LOS ANGELES - Standard & Poor’s attributes much of the above-average creditworthiness of U.S. state governments to the unique countercyclical economic and fiscal support that the federal government offers the states, while warning that such support may be waning.
Following the Great Recession, U.S. states continue to make up one of the most creditworthy sectors, with only six state ratings below AA, the agency said in a recent report.
“A movement away from countercyclical discretionary spending and the real possibility of diminished automatic stabilizers could make recessions a nastier experience for states than they already are,” Standard & Poor’s said. “We believe the sector could be in for a bit more rating turbulence if states are left to bear more of the brunt of national recessions than they have in recent cycles.”
The report compares U.S. states to the 17 nations of the Eurozone, which also participate in a single currency area. While no U.S. state rating fell to below A-minus during or after the Great Recession, seven of the Eurozone sovereign ratings are BBB-plus or lower.
In particular, states benefit from their unique access to “automatic stabilizers” — federal support in the form of nutritional, medical, unemployment, and other assistance programs — that inject spending into state economies without executive or legislative action.

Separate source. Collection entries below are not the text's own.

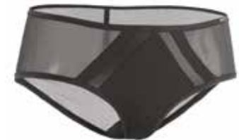
Micro Satin Short
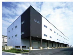
Name: Goodman Mizuomachi Location : Tokyo Acquisition Price: JPY 3.5 billion
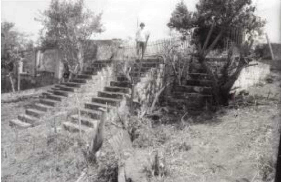
Figure 91.—Structure 37, Library, southeast perspective.
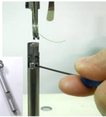
Specially designed looper

Micro adjustment of feed amount is possible with this dial knob.
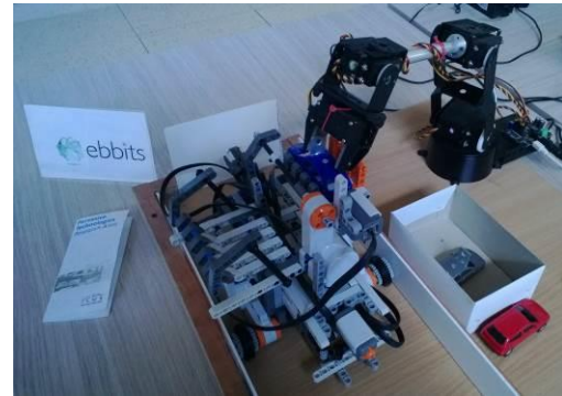
Figure 3 - Robot Control
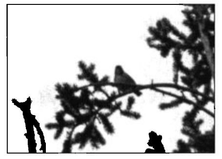
The highlight of the 2006 Alberta fall migration was the province's first Yellow-throated Warbler, present at Calgary on 9 and 10 (here) September 2006.

Longspur at Banff 31 Oct (JR). A Black-headed Grosbeak at Alonsa, MB early–17 Nov was record late (ph. HH). Rusty Blackbird is a species of concern, so good numbers reported from Manitoba's s. Interlake region, including 300+ at Grosse Isle 13 Oct, were encouraging (KG). A Common Redpoll was banded at Delta on the early date of 21 Aug (HdH). From mid-Oct+, good numbers of both redpoll species appeared in the s., in sharp con-
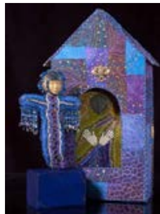
Larkin Jean Van Horn The Mentor 12"h x 7"w x 4"d plus doll Mixed-media textile
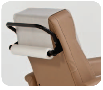
Acts as a shield against the spread of unwanted bacteria. Additional protection to patient as well as the recliner.
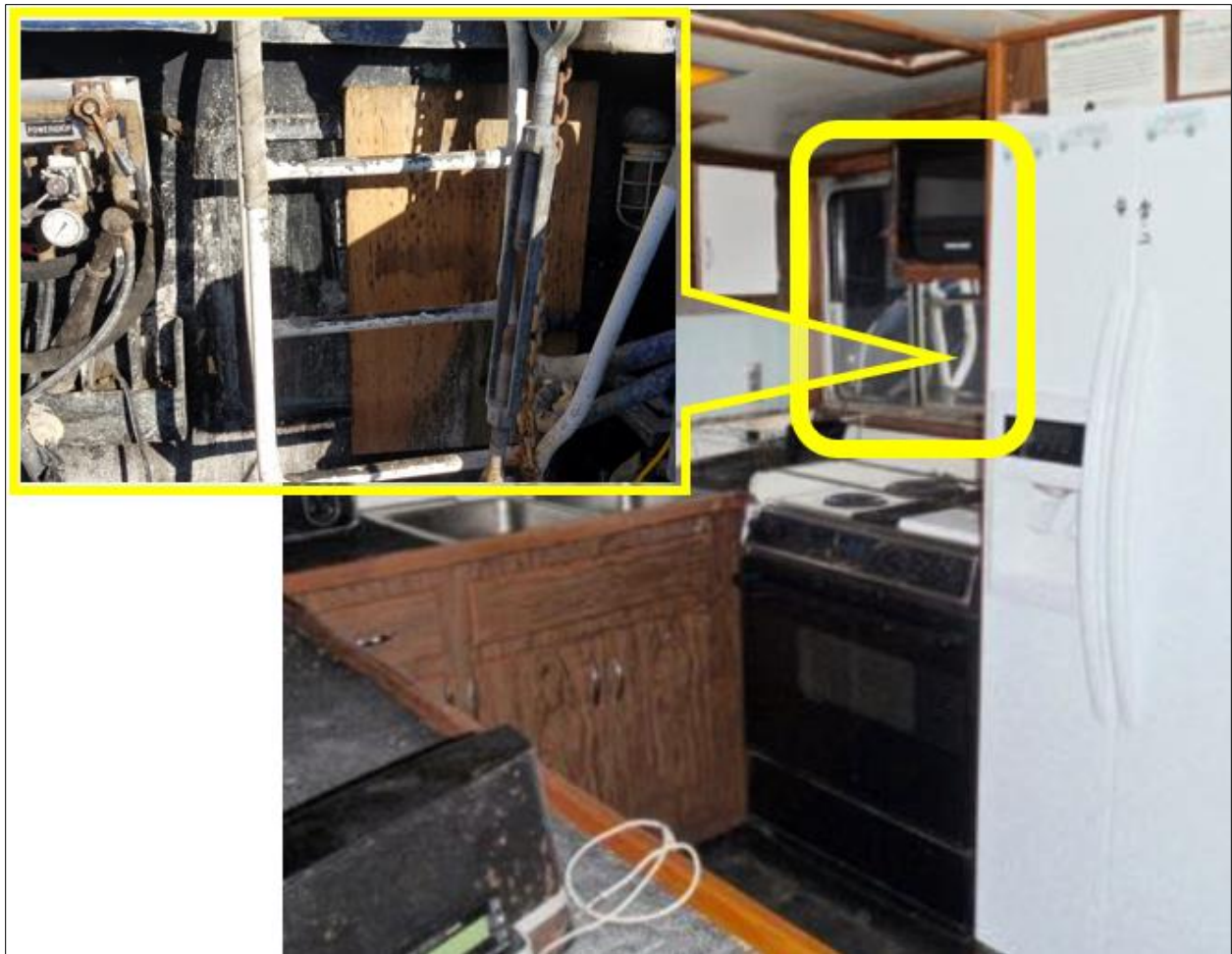
Galley area and window, marked by a yellow rectangle, from where the deckhand escaped. Inset: post-casualty picture of the ladder on the main deck that was in front of the window. The window was later boarded up by the salvors.

According to the captain of the fish tender Fayette , which was at anchor less than 100 yards forward of the Pacific Knight on the port side, he was sitting in his helm chair having a cup of coffee when he noticed the Pacific Knight list to port and capsize. He stated the vessel rolled over so quickly that he could not believe that anyone would have made it out of the vessel.
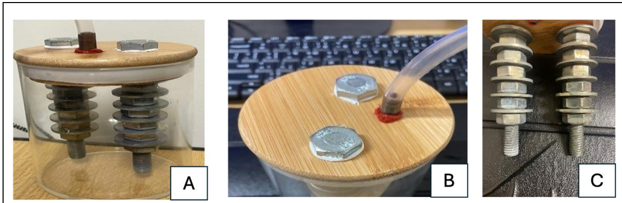
Figure 1: (A) container, (B) Cover, (C) Stalin-steel Electrodes.

The container is designed to hold up to 250 mL of water. It features an inner radius of 3 cm and an outer radius of 3.5 cm, with a height of 8 cm. The wall thickness of 5 mm ensures sufficient durability while maintaining a compact form factor. The material used is glass, chosen for its high thermal resistance and not conductive. The cover is a critical component for sealing the container and housing the inlet and outlet ports. It has a height of 1.5 cm and matches the container's radius dimensions. The cover includes three holes: two side holes with diameters of 12 mm, and a central hole with a diameter of 6 mm. These openings facilitate gas exchange while maintaining the integrity of the system. The electrodes are made of stainless steel with a height of 6 cm and the same diameter as the holes in the cover to fit inside perfectly. It has washers and nuts to increase the surface area of the electrodes and increase the process.
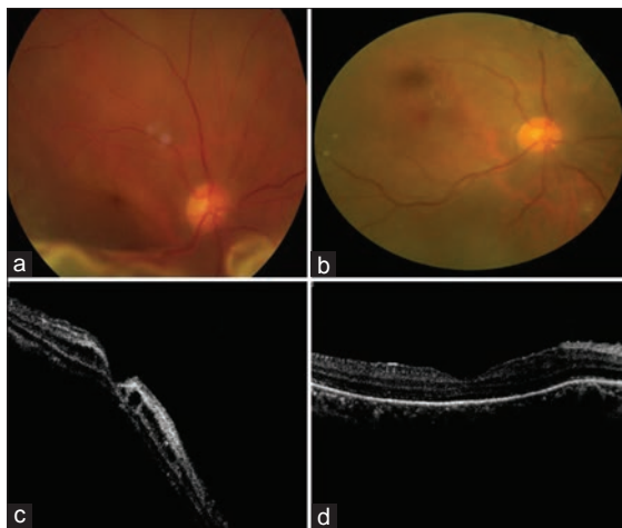
Figure 1: (a) Detached retina at presentation (b) retina well settled postscleral buckling surgery at 2 weeks (c) optical coherence tomography at presentation (d) optical coherence tomography postscleral buckling at 2 weeks

RD could be treated either by carrying out scleral buckling or doing pars plana vitrectomy and silicon oil/gas tamponade. Management of RRD, in pregnancy needs special consideration as both patients were one-eyed and any delay in surgery would alter the visual prognosis, and at the same time managing such patients without causing any harm to their pregnancy and fetus. The questions on our mind were (1) type of anesthesia (2) posture during surgery (3) posture following surgery (4) safety of medications in pregnancy (5) to provide them vision as early as possible.
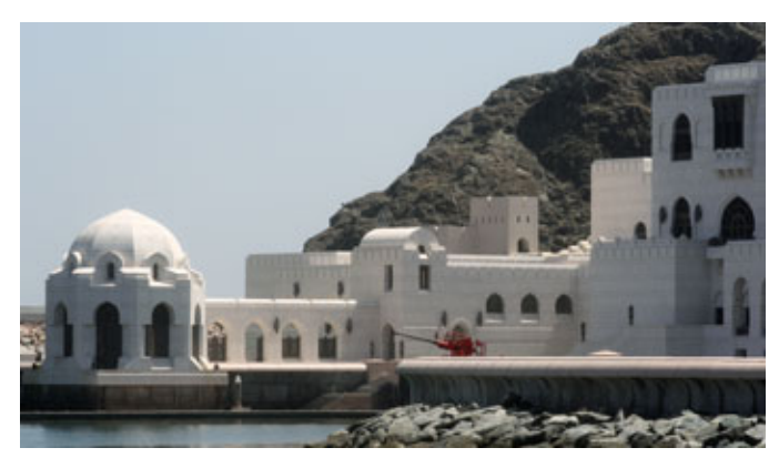
The waterfront of Muscat, capital of Oman and one of Arabia's most historically fabled ports.
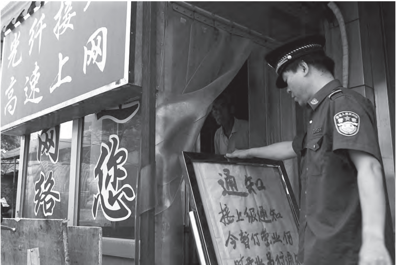
Policeman inspects a Beijing Internet café closed after 24 people died in a fire at an Internet café in June 2002.
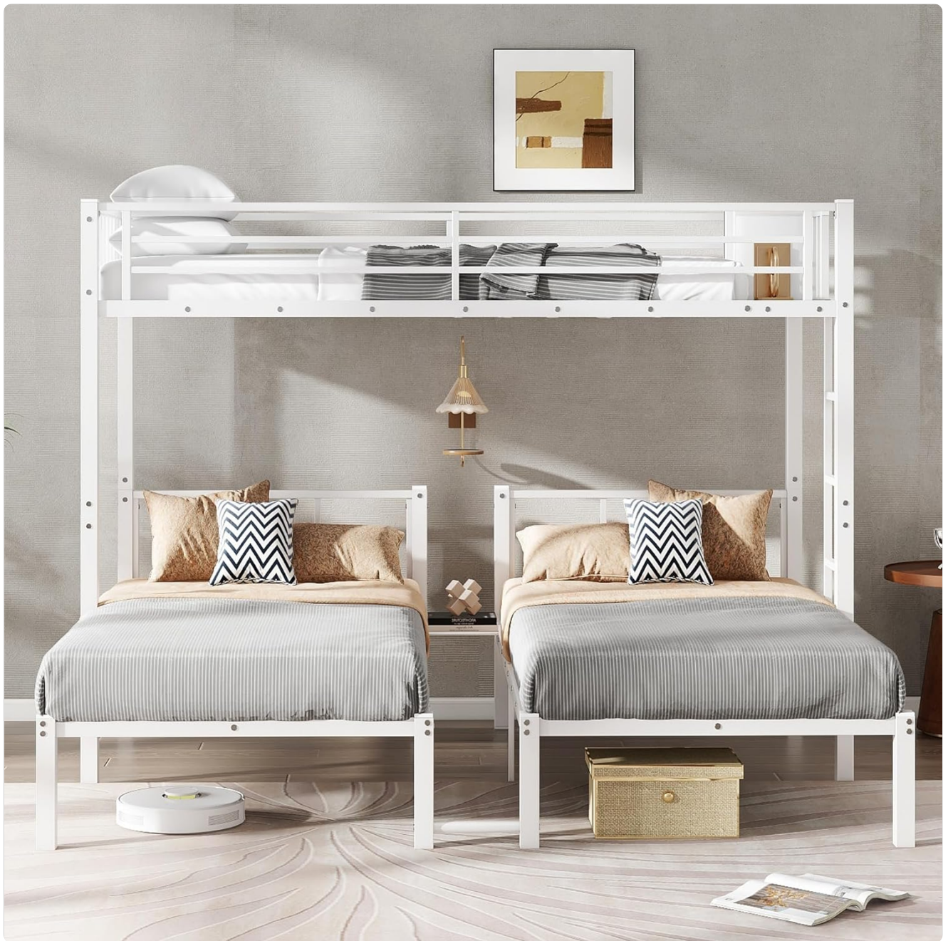
Image: The bunk bed disassembled into three separate beds, illustrating its versatility.
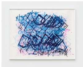
Untitled (DM 1193), 2019 Acrylic and ink on paper 55.5 x 74 inches DMI160 $25,000
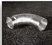
ACQGE - 90° Female Glue Pipe
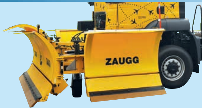
Folding sides: The 7.5 and 8 metres wide versions are also available with folding side blades.
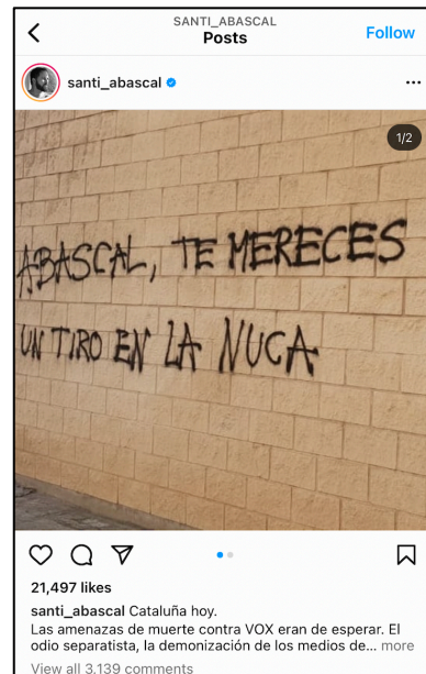
Figure 9. ‘Catalonia today’ 11 January 2019
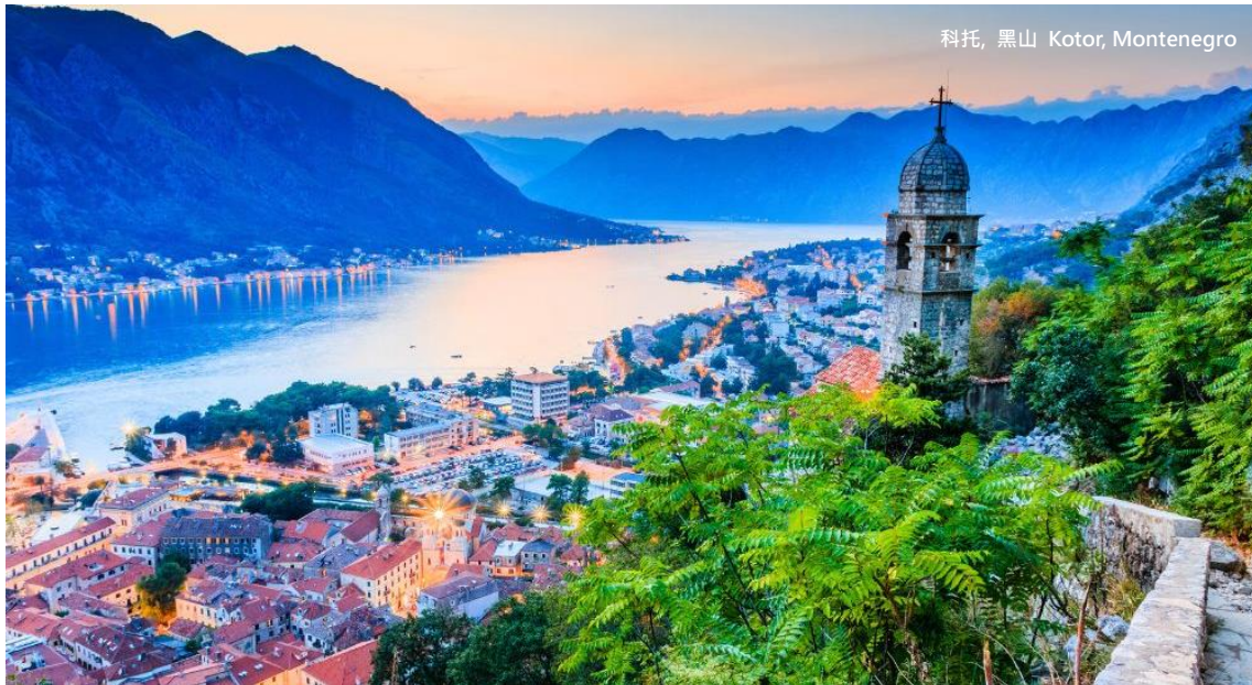
科托, 黑山 Kotor, Montenegro

Regent SEVEN SEAS CRUISES AN UNRIVALLED EXPERIENCE™
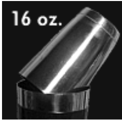
A. Shaker set

Ice – Frozen water, often served in cube form.
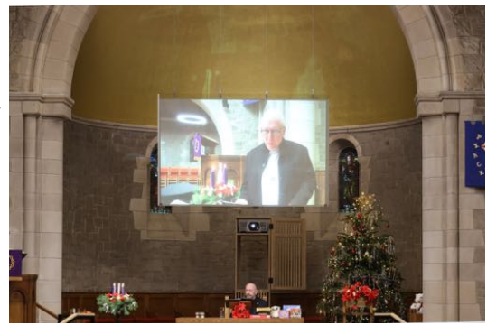
Our new technology in use

refurbishment of the Sanctuary and conveyed the good wishes of the General Assembly to the congregation. His message was relayed to the limited number of members allowed to attend the service in Church on Sunday 13 December by means of the new technology installed during the refurbishment and to the whole congregation in the online service that Sunday.
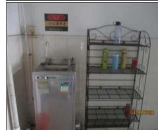
Photo of the sanitary facilities Drinking water.JPG
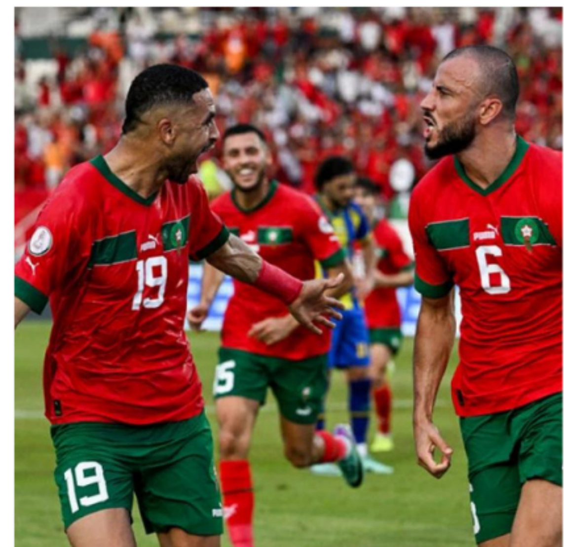
En-Neysri celebrates with teammates after scoring for Morocco
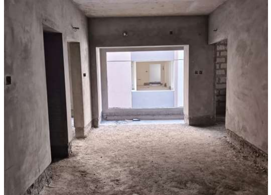
Block-02 – Pour-2 – 4 th Floor Plastering Work in Progress
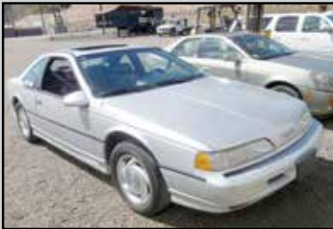
1992 THUNDERBIRD SUPER COUPE — LOW MILES!
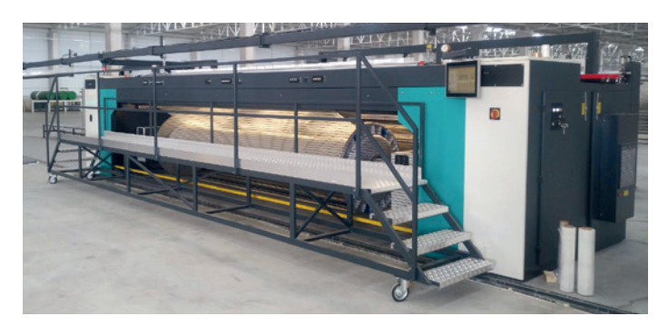
Headstock BM-D (with cross-motion device)

Even the heaviest beams can be doffed by one button operation.

“The stabilizers provide states an unusual degree of flexibility to scale back employment and entitlement costs, particularly for Medicaid, during periods of need like the Great Recession,” said Standard & Poor’s credit analyst and author of the report, Gabriel Petek. “They constitute a significant support for the credit quality of U.S. states, in our view.”
The stabilizers, which mitigate the budget impact of recessions for states, are unique from a global perspective because they serve as a source of broad economic support without encroaching too much on states’ fundamental sovereignty.
“In fact, U.S.-style federalism involves a high degree of fiscal independence for states — latitude that could theoretically allow for widespread mismanagement,” Petek wrote.
As a result, there is a variation in credit quality among the states, but the range in ratings is both tighter and higher than that found in most other sectors.
In addition, the federal aid to state and local governments during economic crises is generally ad hoc, nonentity specific, and political, and, therefore, not something that financial managers can assume will be available. As a result, the hands-off approach has facilitated a more conservative credit culture among states and local governments.
When the government does provide federal support, it is usually aimed at providing macroeconomic stimulus,, like the American Recovery and Reinvestment Act, as opposed to targeting specific states or localities that may be in fiscal distress.
“The arrangement of U.S. fiscal federalism, therefore, encourages fiscal discipline by having state and local governments largely internalize the costs of discretionary fiscal decisions while simultaneously helping soften the fiscal burden to states of economic recessions — which come with nondiscretionary fiscal costs,” the report said.
The possibility that macroeconomic support will recede has risen as a result of a shift of the political discourse in favor of federal fiscal consolidation.
While the ratings agency recognizes that a departure from the existing federal-state relationship is possible, it does not assume that it will occur.
Standard & Poor’s said it believes state ratings will continue to reflect generally high credit quality given that they also operate in a culture that facilitates good credit practices by global standards.